The Polish victory lap is one of the most distinctive and touching traditions in NASCAR. A driver who wins a race does this by driving around the track in the opposite direction (clockwise) to salute the fans and celebrate his victory. Alan Kulwicki, a Polish-American driver, started this tradition when he won his first race in 1988 and performed a reverse lap as a tribute to his heritage. He later did this again after winning his only championship in 1992.

Many drivers adopted his tradition to honor him or other causes after Kulwicki died in a plane crash in 1993. For example:

  • Kevin Harvick held three fingers out his window to honor Dale Earnhardt Sr. after winning his first race in his car at Atlanta in 2001.
  • Matt Kenseth waved a Wisconsin flag to honor his home state after winning his first race at Charlotte in 2000.
  • Joey Logano carried an American flag to honor veterans after winning at Phoenix in 2015.

The Polish victory lap lets drivers express their emotions and gratitude after a hard-fought win.

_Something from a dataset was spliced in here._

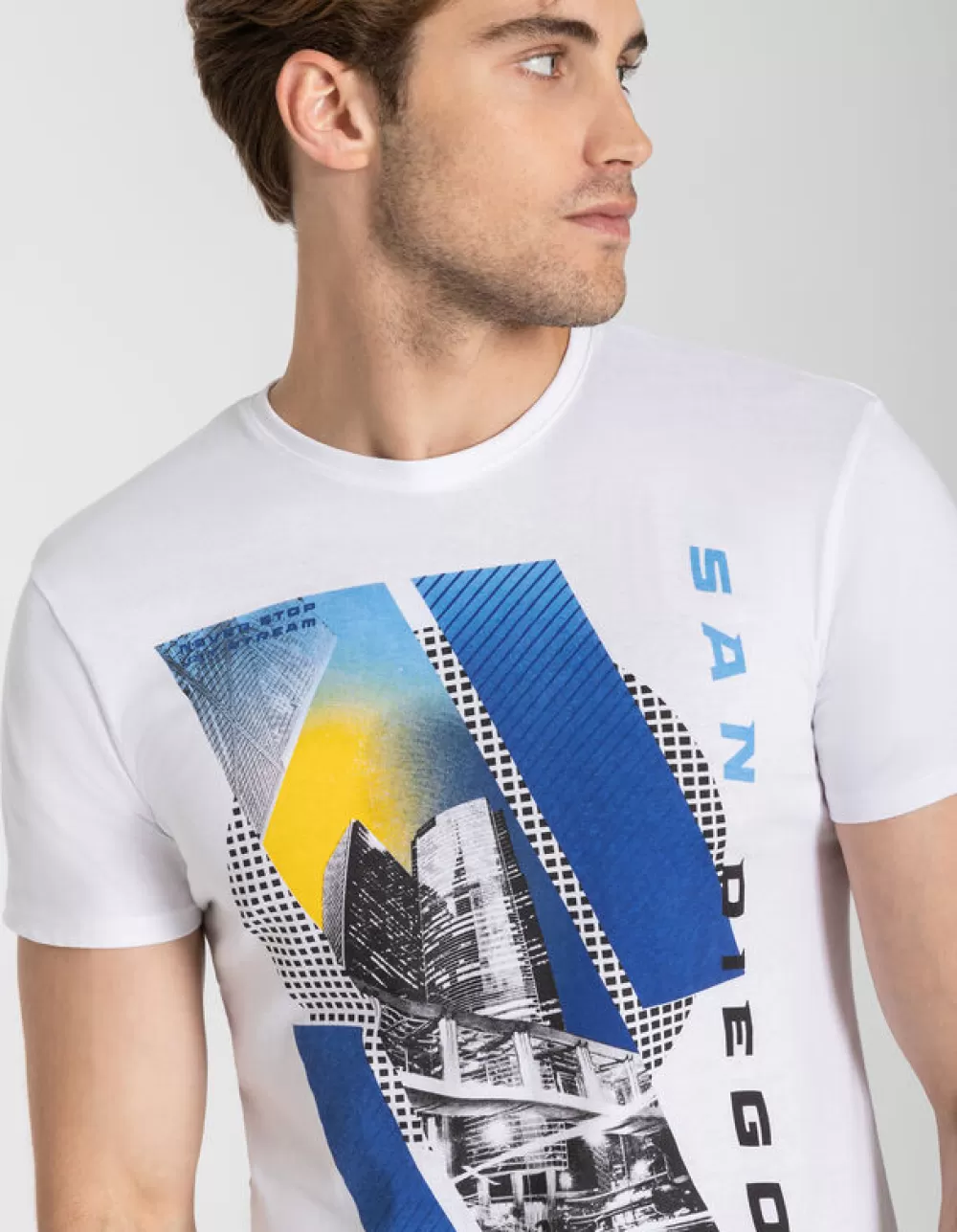 WitEffenRonde HalsKorte MouwenKatoenPrint

It also lets fans share their joy and appreciation with their heroes.

Driver Introductions

Another fun and exciting tradition in NASCAR is the driver introductions before each race. This is when each driver walks or rides onto the track with music, pyrotechnics, and fan interaction. The drivers can choose their own songs, outfits, props, and gestures to showcase their personalities and preferences. The fans can cheer or boo them depending on their allegiance or mood.

Driver introductions are a way for drivers to entertain and connect with fans before they get behind the wheel. They are also a way for fans to get to know more about their drivers’ tastes and styles. Some of the most memorable driver introductions in NASCAR history include:

  • Kyle Busch wearing a Darth Vader helmet and playing with a lightsaber at Bristol in 2015.
  • Clint Bowyer riding a motorized cooler with beer cans at Talladega in 2014.
  • Brad Keselowski carrying an American flag and wearing an American flag-themed firesuit at Charlotte in 2017.

Victory Lane Celebrations

The climax of every NASCAR race is the victory lane celebration. This is when the winning driver parks his car in a designated area surrounded by his crew, sponsors, officials, media, and fans. He then gets out of his car and celebrates his win

with various elements, such as:

  • Champagne, confetti, or water bottles that are sprayed or poured on him and his crew.
  • Trophies, hats, or flags that are presented or held by him and his crew.
  • Interviews, speeches, or prayers that are given by him and his crew.
  • Sponsors, logos, or products that are displayed or promoted by him and his crew.

The victory lane celebration is a way for the winning driver to enjoy and share his success with his team and his fans. It is also a way for the sport and its partners to showcase their brands and their values. Some of the unique or emotional victory lane celebrations in NASCAR history include:

  • Dale Earnhardt Sr. being congratulated by every other driver and crew member after winning his first and only Daytona 500 in 1998.
  • Tony Stewart climbing the fence and waving to the fans after winning at Indianapolis in 2005 and 2007.
  • Martin Truex Jr. dedicating his win at Charlotte in 2016 to his girlfriend Sherry Pollex, who was battling ovarian cancer.


NASCAR race day traditions are a big part of what makes the sport so enjoyable and meaningful for everyone involved. NASCAR race day traditions reflect the history, culture, and values of NASCAR and its fans. They also create a sense of excitement, entertainment, and connection among the drivers, teams, sponsors, media, and fans. Whether you are a new or old fan of NASCAR, you can appreciate and participate in these traditions and have a great time watching the races.